I. PROCEDURAL HISTORY
The Court has reviewed and considered the following documents in analyzing this case: Plaintiff's Brief and Statement of Issues in Support of Motion for Request for Review ("Pl. Br."), Defendant's Response to Request for Review of Plaintiff ("Resp."), Plaintiff's Reply Brief ("Reply"), the administrative record. ("R."), and the attached Exhibits (Ex.).
On May 25, 2016, Plaintiff applied for DIB and SSI benefits; she alleged an onset date of February 1, 2016. R. 15; Pl. Br. at 2; Resp. at 4. The Social Security Administration ("SSA") denied Plaintiff's claims on September 19, 2016; thereafter, she requested a hearing before an Administrative Law Judge ("ALJ"). R. 15; Pl. Br. at 2; Resp. at 4. The SSA granted Plaintiff's request and convened a hearing on August 14, 2018. R. 45.
Plaintiff appeared before Margaret M. Gabell, the ALJ in Elkins Park, Pennsylvania; Plaintiff, represented by an attorney, and vocational expert, Donna Mary Nealon ("the VE") testified at the hearing. R. 15, 45-46. On September 21, 2018, the ALJ, using the sequential evaluation process for disability, issued an unfavorable DIB and SSI decision. R. 15-24. Thereafter, on September 6, 2019, the Appeals Council denied Plaintiff's request for review, making the ALJ's decision the final determination of the Commissioner. R. 1-5. On November 4, 2019, Plaintiff sought judicial review from this Court; both parties have consented to the undersigned's jurisdiction, pursuant to 28 U.S.C. § 636(c).
The Social Security Regulations provide the following five-step sequential evaluation for determining whether or not an adult claimant is disabled:
1. If the claimant is working, doing substantial gainful activity, a finding of not disabled is directed. Otherwise proceed to Step 2. See 20 C.F.R. §§ 404.1520(b), 416.920(b).
2. If the claimant is found not to have a severe impairment which significantly limits his physical or mental ability to do basic work activity, a finding of not disabled is directed. Otherwise proceed to Step 3. See 20 C.F.R. §§ 404.1520(c), 416.920(c).
3. If the claimant's impairment meets or equals criteria for a listed impairment or impairments in Appendix 1 of Subpart P of Part 404 of 20 C.F.R., a finding of disabled is directed. Otherwise proceed to Step 4. See 20 C.F.R. §§ 404.1520(d), 416.920(d).

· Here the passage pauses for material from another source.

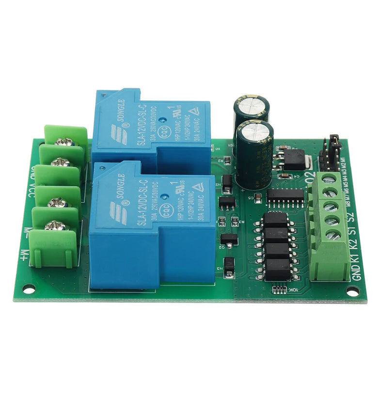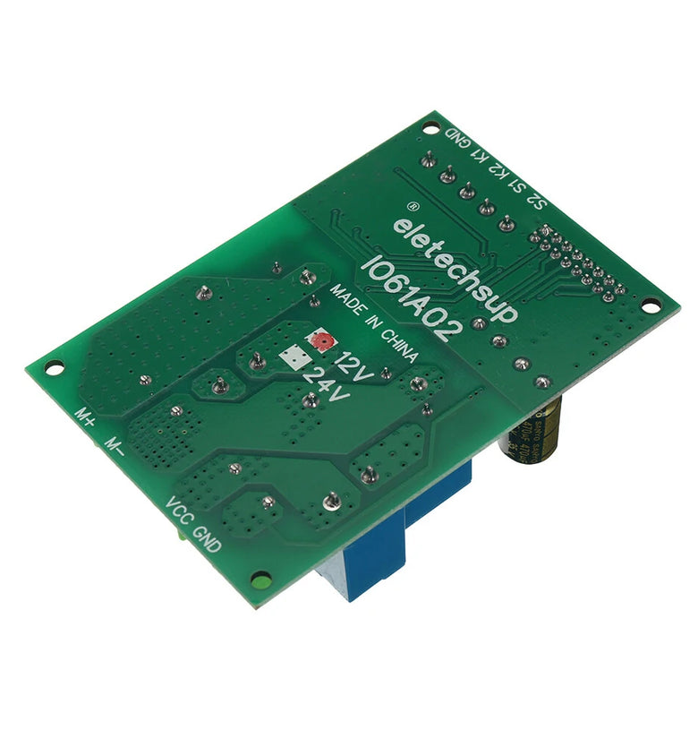 This module has 4 signal input terminals, namely ''K1'', ''K2'', ''S1'', ''S2'', K1 is the forward rotation signal input terminal, K2 is the reverse rotation signal input terminal, and S2 is the forward rotation limit signal Input terminal, S2 is the reverse limit signal input terminal. The signal input source can be selected from micro switch, induction, infrared, metal, remote control and other modules, and can also be controlled by a single-chip microcomputer.

4. If the claimant retains the residual functional capacity to perform past relevant work, a finding of not disabled is directed. Otherwise proceed to Step 5. See 20 C.F.R. §§ 404.1520(f), 416.920(f).
5. The Commissioner will determine whether, given the claimant's residual functional capacity, age, education and past work experience in conjunction with criteria listed in Appendix 2, he is or is not disabled. See 20 C.F.R. §§ 404.1520(g), 416.920(g).
II. FACTUAL BACKGROUND
A. Personal History
Plaintiff, born on March 17, 1982, was 36 years old when the ALJ rendered her decision. R. 22; Pl. Br. at 3. She completed the 10th grade and can read and understand English. R. 263. Plaintiff lived with her sixteen and nine-year-old daughters, at the time of the hearing. R. 56.
Plaintiff's work history included: medication technician at Lifepath; childcare at Lifequest; cashier at Rite Aid; phone operator at Towne Answering Service; and self-employed as a housekeeper/cleaner. R. 53, 61-62; Pl. Br. at 3. By the time of the hearing, Plaintiff worked continuously at Lifepath, beginning June 2013. R. 53-54. She described her job duties as working 12 to 15 hours a week, commuting to various group homes, and preparing and administrating clients' medicine. R. 55-56. B. Plaintiff's Testimony
Plaintiff testified about her impairments at the August 14, 2018 hearing and identified her disabling conditions as: fibromyalgia ("FM"), Hashimoto's thyroid, Achilles tendon issues in her right foot, sleeping problems, and anemia. R. 51, 262. Although she briefly mentioned other health concerns, Plaintiff's testimony focused on the pain caused by FM. R. 45-71. Plaintiff alleged that her FM triggered neck and back pain that radiated to her legs and arms. R. 60. She stated that her menstrual cycle was irregular, caused in part by her FM and the medications she took. R. 59. She testified that the FM made her menstruation "ten times" more painful. Id. Plaintiff also stated that weather impacts her and causes her to experience pain in her feet and toes. R. 63-64. She experiences fatigue, even after long bouts of sleep. Id.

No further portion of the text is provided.